The latest Samsung patent shows a Galaxy smartphone with a round notch and three displays.
Samsung patents smartphone with square main display, two round sub-displays
Two round sub-displays, or round screens, are at the top and bottom of the main display. A square display sits in the middle, called the main display. The main display is the largest of the three. Essentially, the display is “squircular,” a combination of “square” and “circular.” While the top and bottom are “squircular,” a standard square display sits in the middle.

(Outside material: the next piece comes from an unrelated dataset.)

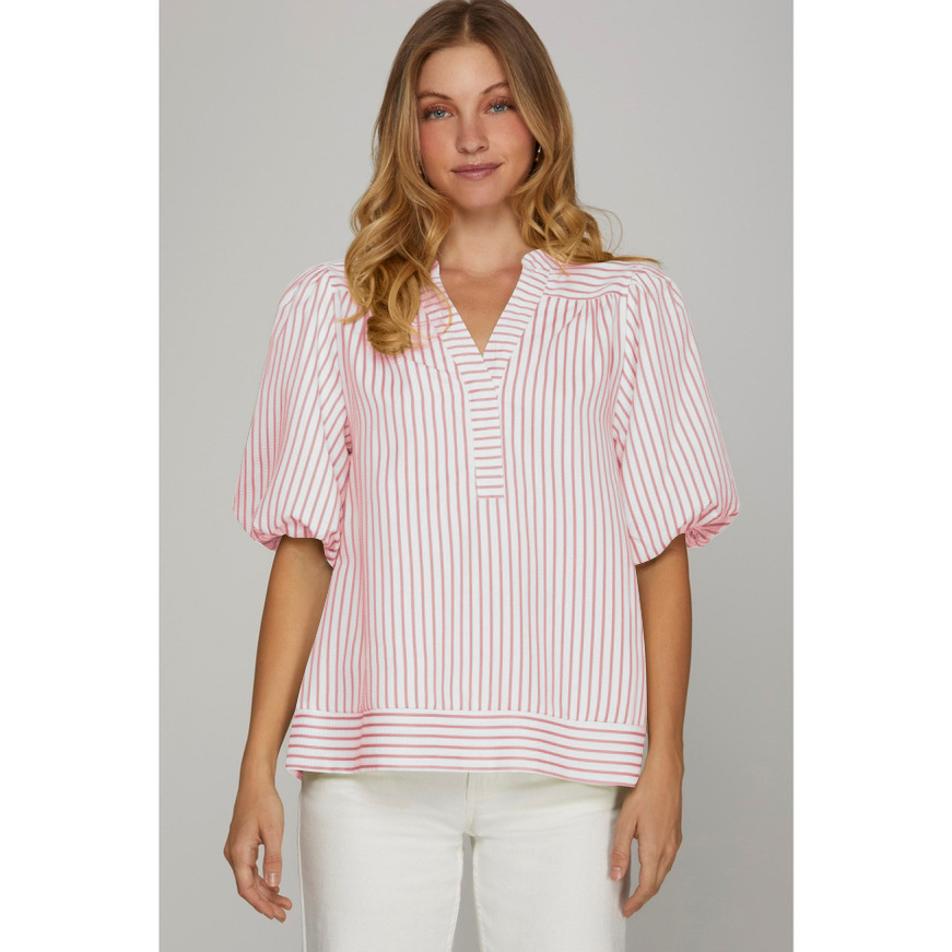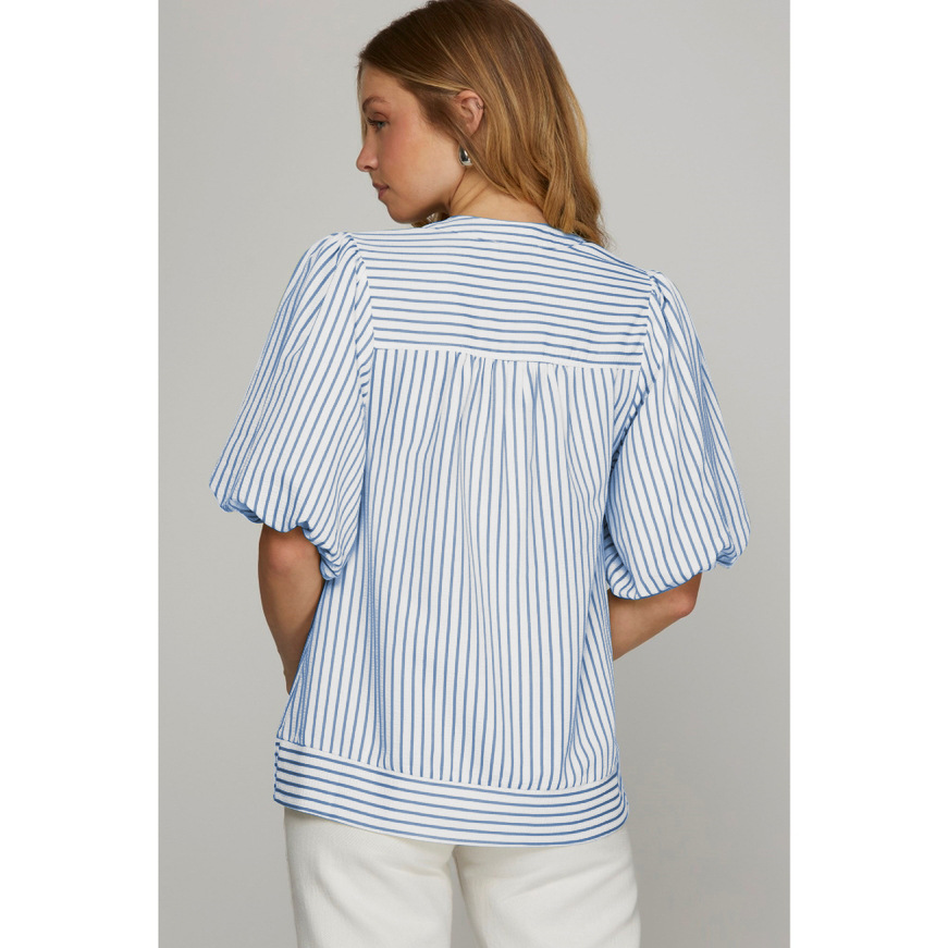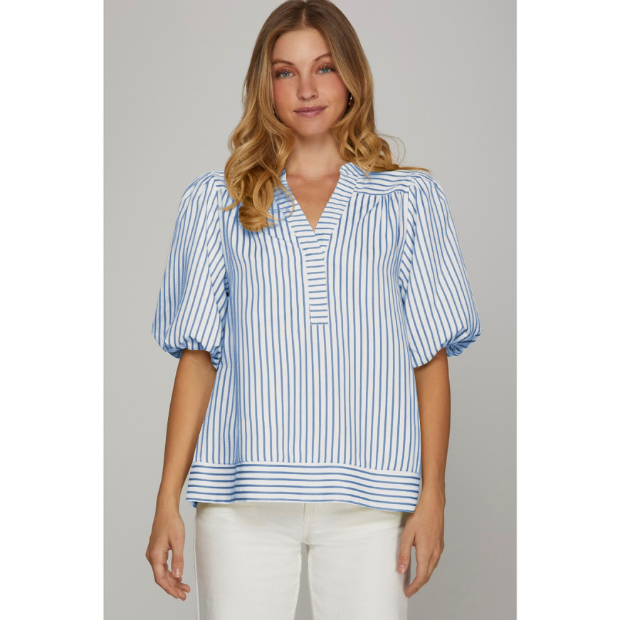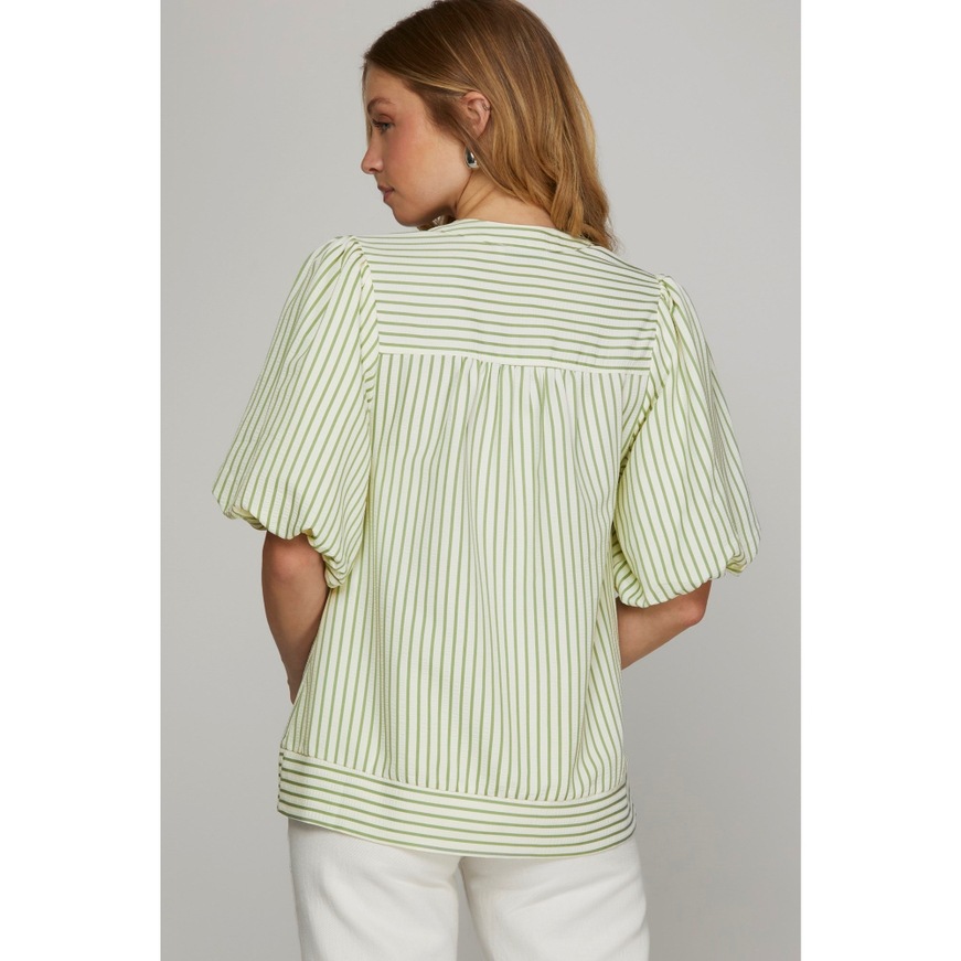 유럽과 미국의 여성 셔츠 아마존 독립 역 국경 2025 새로운 V 넥 스티칭 버블 슬리브 스트라이프 탑스토어 가기

As is the case with all smartphones, the main display and top and bottom sub-displays are all touch-based. Icons align the top of the device and can live on the bottom sub-display as well. The round sub-displays are not just a pretty aesthetic. Users will be able to “circle” through icons as well. Icons travel from app page to app page so that users need not return to the home page to locate them. The round display and the “circling” through apps bring software and hardware together in an ideal way. Many Android OEMs focus on hardware design, but few focus on how software and hardware work together and reinforce each other.
Samsung creates Galaxy smartphone with round notch, tackles notch design problem
In patenting this new futuristic smartphone, the Android OEM creates the round notch, a new perspective on notch design. Most Android OEMs concern themselves with either the typical “bar” notch or the “waterdrop” notch. The waterdrop notch is a unique notch shape and take, but it doesn’t leave room for much except the selfie camera atop the phone. A bar notch isn’t necessarily bad, but it demands too much space and often sticks out like an eyesore (cue Samsung’s Galaxy Fold with its awkward bar notch at the top right of the tablet display).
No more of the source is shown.